Henry Addington was at Penang on 23 September and Malacca on 10 October. She reached Whampoa on 25 December. Homeward bound she was again at Malacca on 18 March 1806, and Penang on 27 March. She reached St Helena on 2 July, and arrived at The Downs on 3 September.

===EIC voyage #4 (1807-1808)===
Captain Kirkpatrick sailed from Portsmouth on 26 February 1807, bound for Madras and China. Henry Addington returned to Long Reach on 1 July 1808.

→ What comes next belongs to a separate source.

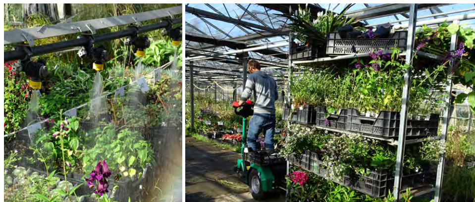
Arrosage raisonné et véhicule électrique dans les serres

La Ferme de Premesques est un bâtiment basse consommation grâce à l'isolation thermique des bâtiments et aux panneaux solaires sur les toits des entrepôts, qui couvriront 100% de nos besoins en électricité. Le chauffage des bureaux sera assuré en énergie renouvelable par une chaudière à granules de bois. Nous ne chauffons pas nos serres et 90% de nos équipements sur l'exploitation – une trentaine d'engins – sont électriques.

===EIC voyage #5 (1809-1810)===
Captain Kirkpatrick sailed from Portsmouth on 21 June 1809, bound for Bengal. Henry Addington arrived at Saugor on 4 November. Homeward bound, she was at Madras on 4 February 1810, Point de Galle on 17 February, and St Helena on 3 May. She arrived at The Downs on 6 July.

===EIC voyage #6 (1811-1812)===
Captain Kirkpatrick sailed from Torbay on 16 February 1811, bound for Bombay and China. She reached Simon's Bay on 18 April, and arrived at Bombay on 8 June. She arrived at Whampoa on 2 October. Homeward bound, she crossed the Second Bar on 13 December, reached St Helena on 31 March 1812, and arrived at The Downs on 13 May.

===EIC voyage #7 (1814-1815)===
Captain Kirkpatrick sailed from Portsmouth on 8 April 1814, bound for China. Henry Addington was at Kedah on 16 August, Malacca on 14 September, and Lintin Roads on 21 October. She arrived at Whampoa on 30 November. Homeward bound, she crossed the Second Bar on 20 January 1815, reached St Helena on 12 May, and arrived at The Downs on 19 August.

==Fate==
Henry Addington was sold in 1815 to David Hunter, who in turn sold her to ship-breakers.